HEK293 or pancreatic 266-6 cells were transfected with plasmid DNA using FuGene 6 (Promega) as described previously (14). Transfection results reflect at least four independent experiments assayed in duplicate. β-Galactosidase (β-gal) levels expressed by reporter genes were normalized according to the levels of Renilla luciferase from the cotransfected pRL-CMV (Promega). To permit transfections performed at different times to be analyzed together in the HEK293 experiments, final results were normalized according to the level of the positive-control transfections of pCMVbeta (Clontech).

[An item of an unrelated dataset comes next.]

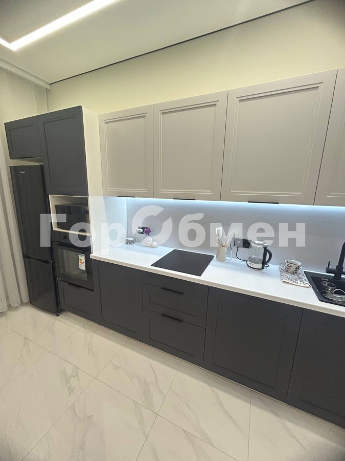 - Современная кухня со встроенной техникой: индукционная варочная панель,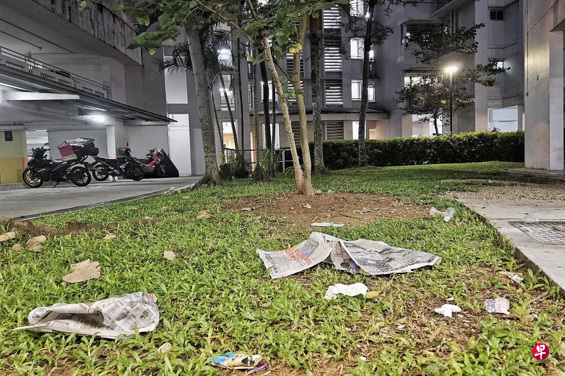 记者走访该座组屋时,发现组屋楼下周围的草地上除了有一包包的垃圾外,也有报纸、塑料瓶、纸巾等。据观察,电梯里张贴着国家环境局的海报,提醒居民不要高楼抛物,并指高楼抛物是严重的违法行为。为了有效执法,当局或在没有事先通知的情况下,在高楼抛物持续发生的区域安装电眼。

Results are presented as normalized relative light units (nRLU). Transcription factor expression vectors used the cytomegalovirus (CMV) promoter to direct expression of mouse Ptf1a (in pcDNA3.1) (10) and mouse Foxa2 (in pCIG) (31). For reporter constructs, one to three repeats in tandem of the tested motifs (for sequences, see Fig. 7C) were cloned adjacent to the promoter of the lacZ reporter plasmid described above for mouse transgenes. Empty pcDNA3.1 vector was used to keep the total amount of expression vector and CMV promoter constant in each transfection.

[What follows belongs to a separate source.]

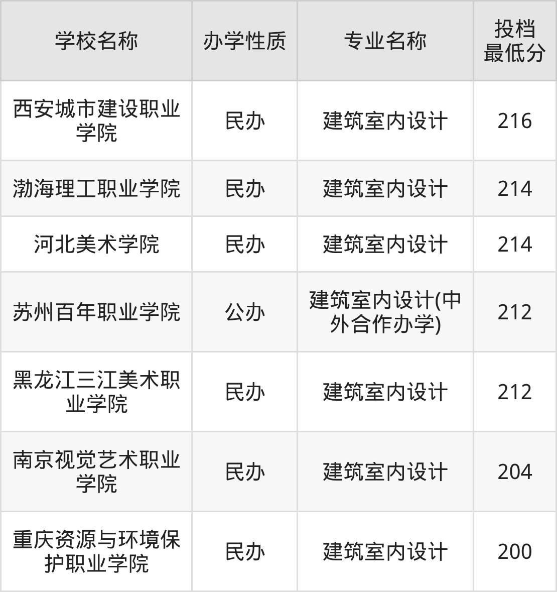 建筑室内设计专业收分最低的公办大学是苏州百年职业学院,2025年最低分212分,超专科线12分。可见建筑室内设计专业的招生门槛是非常高的,如果想要上一所公办专科大学的建筑室内设计专业,至少需要过专科线12分及以上。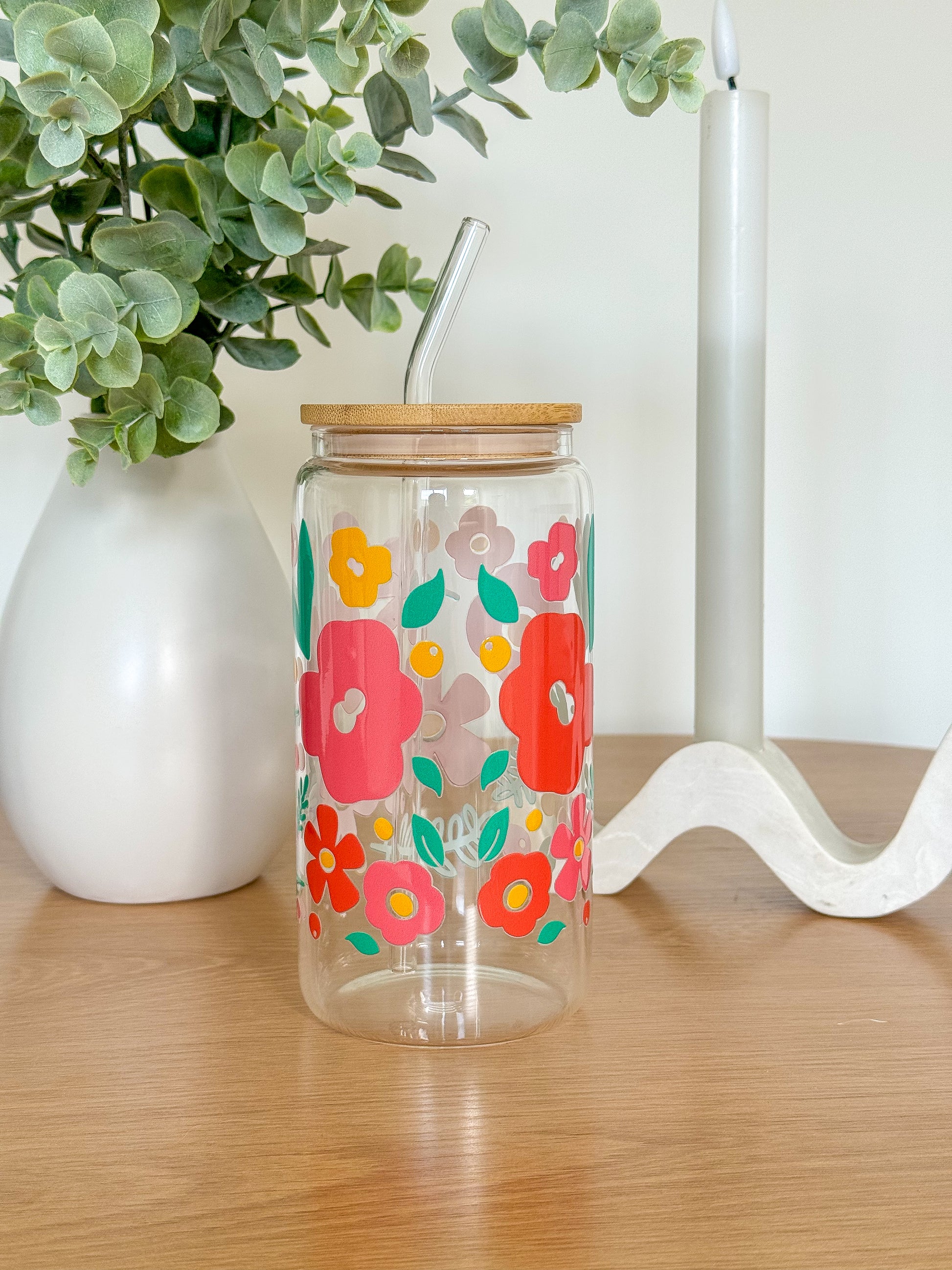 Bring on the good vibes with this colourful retro flower glass cup! Covered in vibrant, groovy florals, it’s giving pure sunshine energy with every sip. Perfect for iced coffees, smoothies, or your go-to refresher, this cup adds a fun pop of colour to your everyday routine.

Proteins were synthesized in vitro (in vitro transcription and translation [IVTT]) using the TnT coupled reticulocyte system (Promega). DNA probes were radiolabeled with [γ-32P]ATP using T4 polynucleotide kinase (New England BioLabs). Binding reaction mixtures (20 μl) were incubated for 30 min at 30°C and set up as follows: 5 μl 4× binding buffer (20% glycerol, 40 mM HEPES-NaOH [pH 7.9], 16 mM Tris-HCl [pH 8.0], 320 mM NaCl, and 4 mM EDTA, pH 8.0), 1 μl 100 mM dithiothreitol (DTT), 2 μl 800 ng/μl poly(dI-dC), 1 to 5 μl IVTT protein extract(s), and 1 μl labeled probe (20,000 cpm). Binding reaction products were separated on 4.5% polyacrylamide gels by applying a constant current of 15 mA/cm2 for 2 h at 4°C; gels were prepared using 1× running buffer (50 mM Tris-HCl, 380 mM glycine, and 2.8 mM EDTA) and were prerun for 15 min at a constant current of 7.5 mA/cm2 at 4°C.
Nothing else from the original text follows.